Problem to solve:
Please transcribe the listing below in full and word for word, without its pictures.
*** Records for the task Section Begins ***
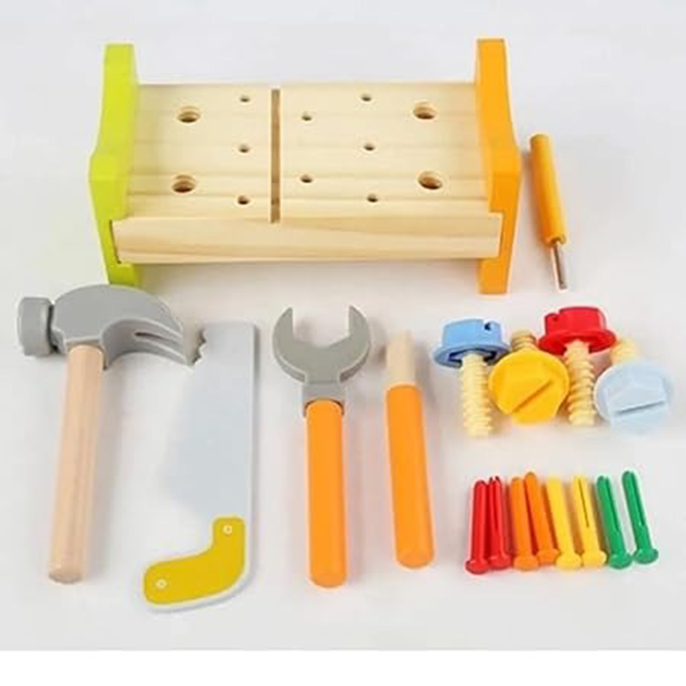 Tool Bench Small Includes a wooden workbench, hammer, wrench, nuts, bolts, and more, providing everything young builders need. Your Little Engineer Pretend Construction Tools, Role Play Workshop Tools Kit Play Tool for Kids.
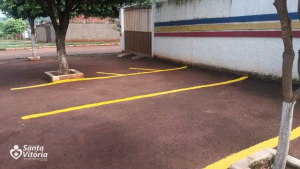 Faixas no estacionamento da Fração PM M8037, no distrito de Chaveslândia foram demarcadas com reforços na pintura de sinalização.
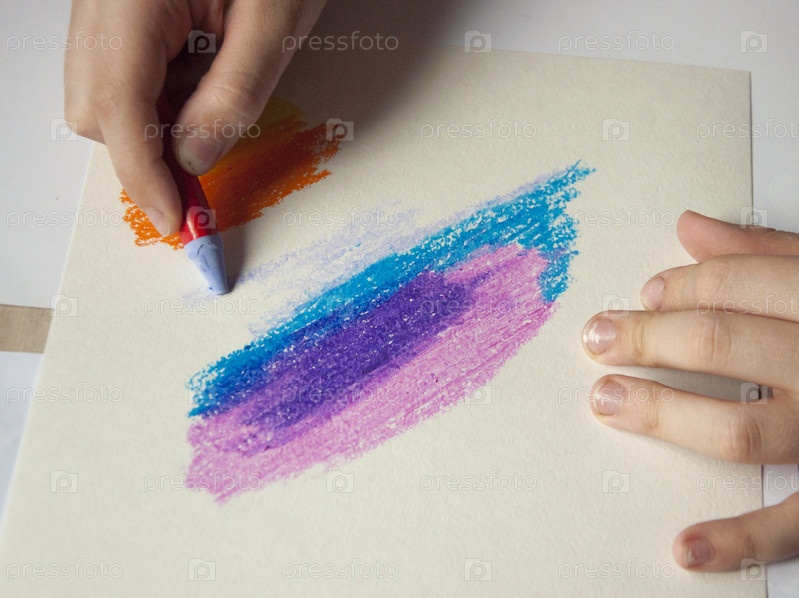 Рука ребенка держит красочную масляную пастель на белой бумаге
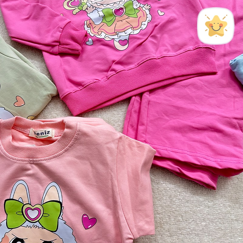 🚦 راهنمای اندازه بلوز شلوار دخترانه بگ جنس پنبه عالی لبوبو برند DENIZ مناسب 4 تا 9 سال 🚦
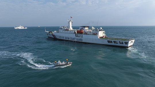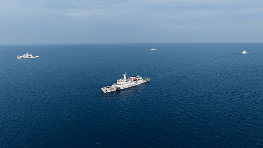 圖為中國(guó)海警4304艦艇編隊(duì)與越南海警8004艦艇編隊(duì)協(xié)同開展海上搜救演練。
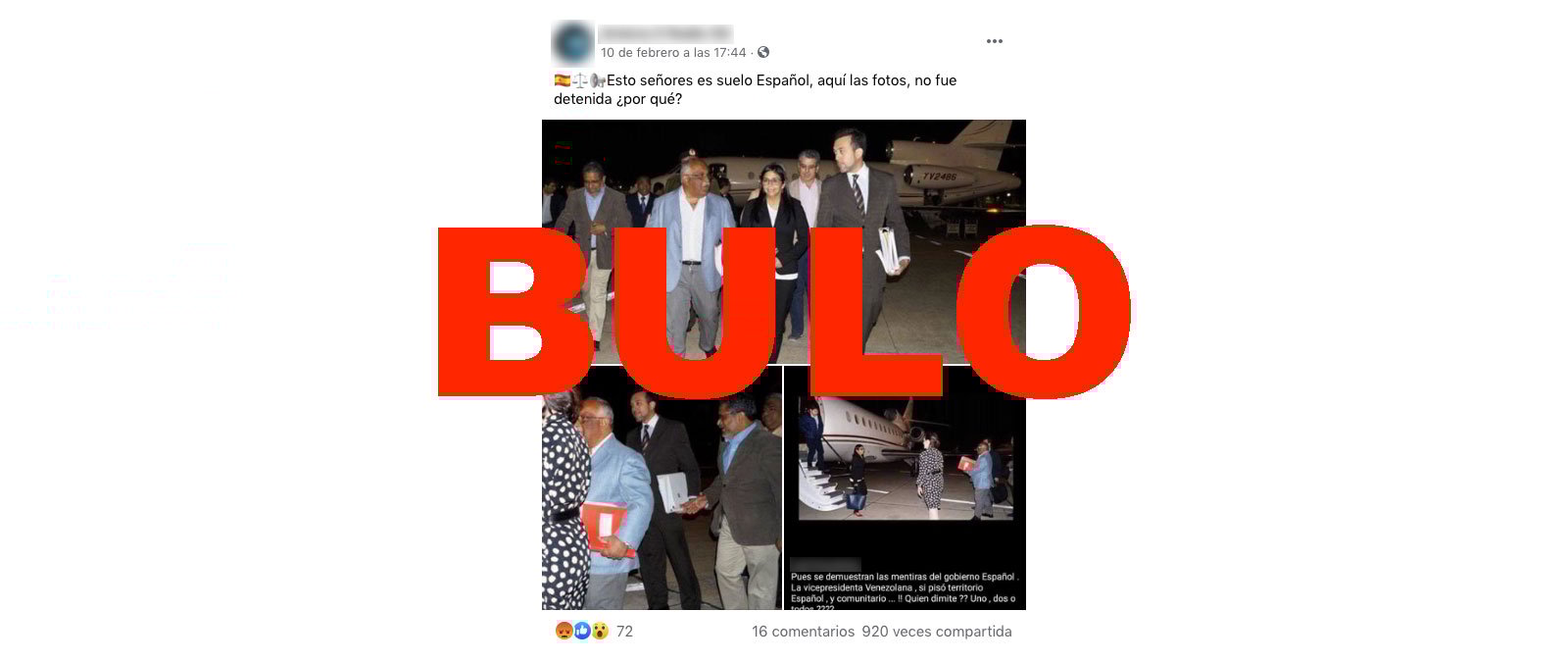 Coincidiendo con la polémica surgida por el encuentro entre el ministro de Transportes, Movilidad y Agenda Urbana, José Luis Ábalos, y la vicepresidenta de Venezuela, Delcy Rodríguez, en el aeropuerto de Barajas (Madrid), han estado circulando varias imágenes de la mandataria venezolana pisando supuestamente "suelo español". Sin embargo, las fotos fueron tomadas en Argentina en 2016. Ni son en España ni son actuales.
*** Records for the task Section Ends ***
Response to the task:
 Tool Bench Small Includes a wooden workbench, hammer, wrench, nuts, bolts, and more, providing everything young builders need. Your Little Engineer Pretend Construction Tools, Role Play Workshop Tools Kit Play Tool for Kids.
 Faixas no estacionamento da Fração PM M8037, no distrito de Chaveslândia foram demarcadas com reforços na pintura de sinalização.
 Рука ребенка держит красочную масляную пастель на белой бумаге
 🚦 راهنمای اندازه بلوز شلوار دخترانه بگ جنس پنبه عالی لبوبو برند DENIZ مناسب 4 تا 9 سال 🚦
 圖為中國(guó)海警4304艦艇編隊(duì)與越南海警8004艦艇編隊(duì)協(xié)同開展海上搜救演練。
 Coincidiendo con la polémica surgida por el encuentro entre el ministro de Transportes, Movilidad y Agenda Urbana, José Luis Ábalos, y la vicepresidenta de Venezuela, Delcy Rodríguez, en el aeropuerto de Barajas (Madrid), han estado circulando varias imágenes de la mandataria venezolana pisando supuestamente "suelo español". Sin embargo, las fotos fueron tomadas en Argentina en 2016. Ni son en España ni son actuales.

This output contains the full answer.